Thank you. 
I’ll try to configure a watermark on the second table.

Eugenio

> Il giorno 21 set 2023, alle ore 16:30, Schwalbe Matthias 
> <matthias.schwa...@viseca.ch> ha scritto:
> 
> … well yes and no:
> If the second table is a small table used for enrichment, you can also mark 
> it as broadcast table, but I don’t know how to do that on table API
> If the second table has significant data and significant update, the you need 
> to configure watermarking/event time semantics on the second table as well
> The logic is this:
> Your join operator only generates output windows once the event time passes 
> by the end of the time window
> The event time/watermark time of you join operator is the minimum watermark 
> time of all inputs
> Because your second table does not emit watermark, it’s watermark time  
> remains at Long.MinValue, hence also the operator time stays there
> Another way to make progress is, in case your second table does not update 
> watermarks/data often enough, to mark the source with an idle watermark 
> generator in which case it is rendered as ‘timeless’ and does not prevent 
> time progress in your join operator
> Again, not sure how to configure this
>  
> Ancora cari saluti
>  
> Thias
>  
>  
>  
>  
>  
> From: Eugenio Marotti <ing.eugenio.maro...@gmail.com> 
> Sent: Thursday, September 21, 2023 2:35 PM
> To: Schwalbe Matthias <matthias.schwa...@viseca.ch>
> Cc: user@flink.apache.org
> Subject: Re: Window aggregation on two joined table
>  
> Hi Matthias,
>  
> No the second table doesn’t have an event time and a watermark specified. In 
> order for the window to work do I need a watermark also on the second table?
>  
> Thanks
> Eugenio
> 
> 
> Il giorno 21 set 2023, alle ore 13:45, Schwalbe Matthias 
> <matthias.schwa...@viseca.ch <mailto:matthias.schwa...@viseca.ch>> ha scritto:
>  
> Ciao Eugenio,
>  
> I might be mistaken, but did you specify the event time for the second table 
> like you did for the first table (watermark(….))?

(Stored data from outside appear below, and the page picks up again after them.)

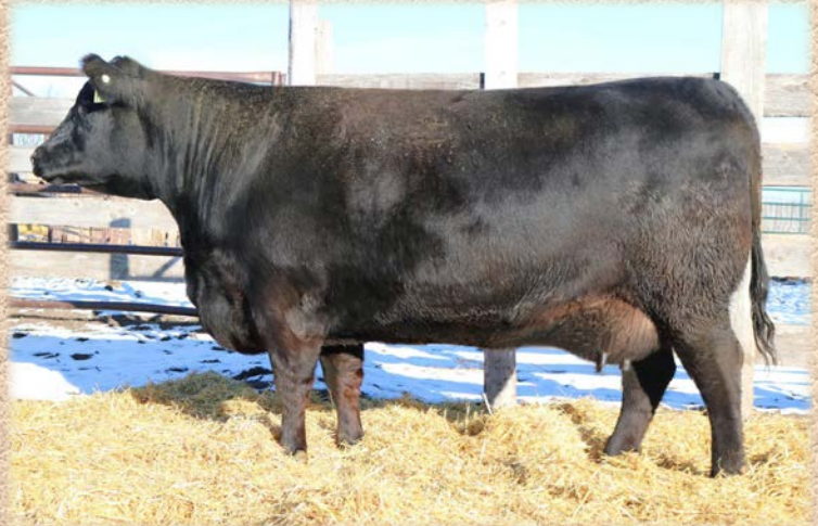
DBRL IM HEDY 56U - DAM OF LOTS 88 TO 92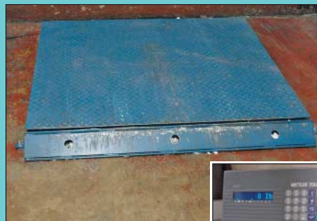
5,000 Lb. Mettler Toledo Model ES-45-5K Digital Platform Scale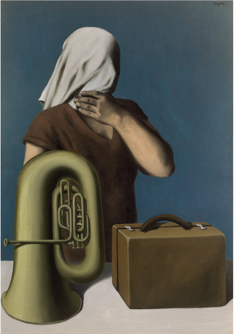
René Magritte, L'histoire centrale , 1928. L'histoire centrale , © Succession/Estate René Magritte - Sabam, Belgium, 2023.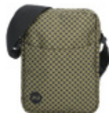
MICRODOT KHAKI / BLACK NEW 742510-011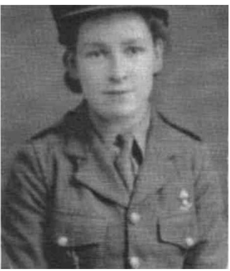
Rookie - November 1944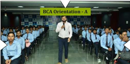
BCA Orientation - A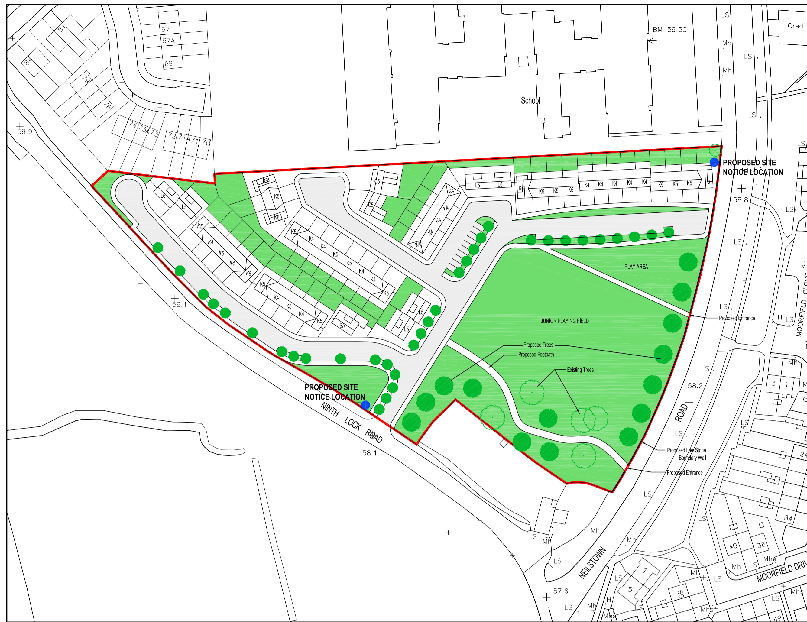
01 PROPOSED SITE LOCATION MAP 1:1000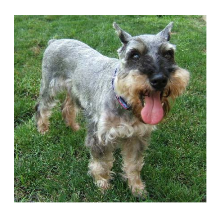
On June 23<sup>rd</sup> Barb Littler's little foster girl Emmy passed away and is with all of our little angels at the bridge. She was lost to cancer.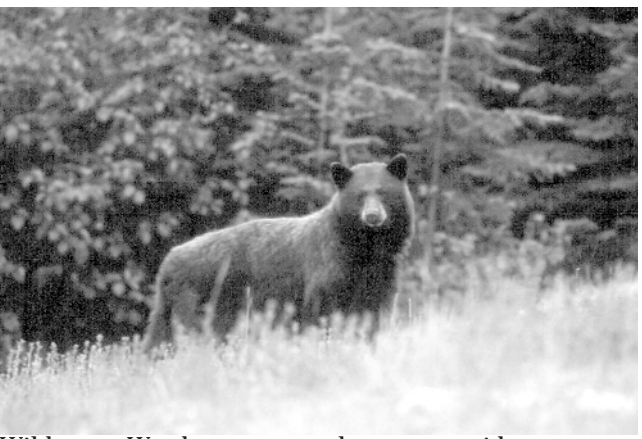
Wilderness Watch program, volunteers provide extra "eyes and ears" for the Conservation Officer Service.

Because of international concern for the conservation of all species of bears, the black bear is listed on Appendix II of the Convention on the International Trade of Endangered Species (CITES). In February 1993, British Columbia introduced legislation banning the possession and commercial trading of bear gall bladders and genitalia and the trading, exporting, and importing of bear paws, primarily to discourage the incidence of poaching to provide animal parts for traditional Asian medicines. Observe, Record, and Report is a program with toll-free access (1-800-663-WILD [9453]) for anyone to report poaching or other violations of wildlife and environmental laws. Through the B.C. Wildlife Federation's

> I am no so acquainted with table api (doing more straight data stream api 
> work), but I assume this join and windowing should be by event time.
>  
> What do you think?
>  
> Cari saluti
>  
> Thias
>  
>  
> From: Eugenio Marotti <ing.eugenio.maro...@gmail.com 
> <mailto:ing.eugenio.maro...@gmail.com>> 
> Sent: Thursday, September 21, 2023 8:56 AM
> To: user@flink.apache.org <mailto:user@flink.apache.org>
> Subject: Window aggregation on two joined table 
>  
> Hi,
>  
> I’m trying to execute a window aggregation on two joined table from two Kafka 
> topics (upsert fashion), but I get no output. Here’s the code I’m using:
>  
> This is the first table from Kafka with an event time watermark on 
> ‘data_fine’ attribute:
>  
> final TableDescriptor phasesDurationsTableDescriptor = 
> TableDescriptor.forConnector("upsert-kafka")
>        .schema(Schema.newBuilder()
>              .column("id_fascicolo", DataTypes.BIGINT().notNull())
>              .column("nrg", DataTypes.STRING())
>              .column("giudice", DataTypes.STRING())
>              .column("oggetto", DataTypes.STRING())
>              .column("codice_oggetto", DataTypes.STRING())
>              .column("ufficio", DataTypes.STRING())
>              .column("sezione", DataTypes.STRING())
>              .column("fase_completata", DataTypes.BOOLEAN())
>              .column("fase", DataTypes.STRING().notNull())
>              .column("durata", DataTypes.BIGINT())
>              .column("data_inizio", DataTypes.TIMESTAMP_LTZ(3))
>              .column("data_fine", DataTypes.TIMESTAMP_LTZ(3))
>              .watermark("data_inizio", "data_inizio - INTERVAL '1' SECOND")
>              .primaryKey("id_fascicolo", "fase")
>              .build())
>        .option(KafkaConnectorOptions.TOPIC, 
> List.of("sicid.processor.phases-durations"))
>        .option(KafkaConnectorOptions.PROPS_BOOTSTRAP_SERVERS, KAFKA_HOST)
>        .option(KafkaConnectorOptions.KEY_FORMAT, "json")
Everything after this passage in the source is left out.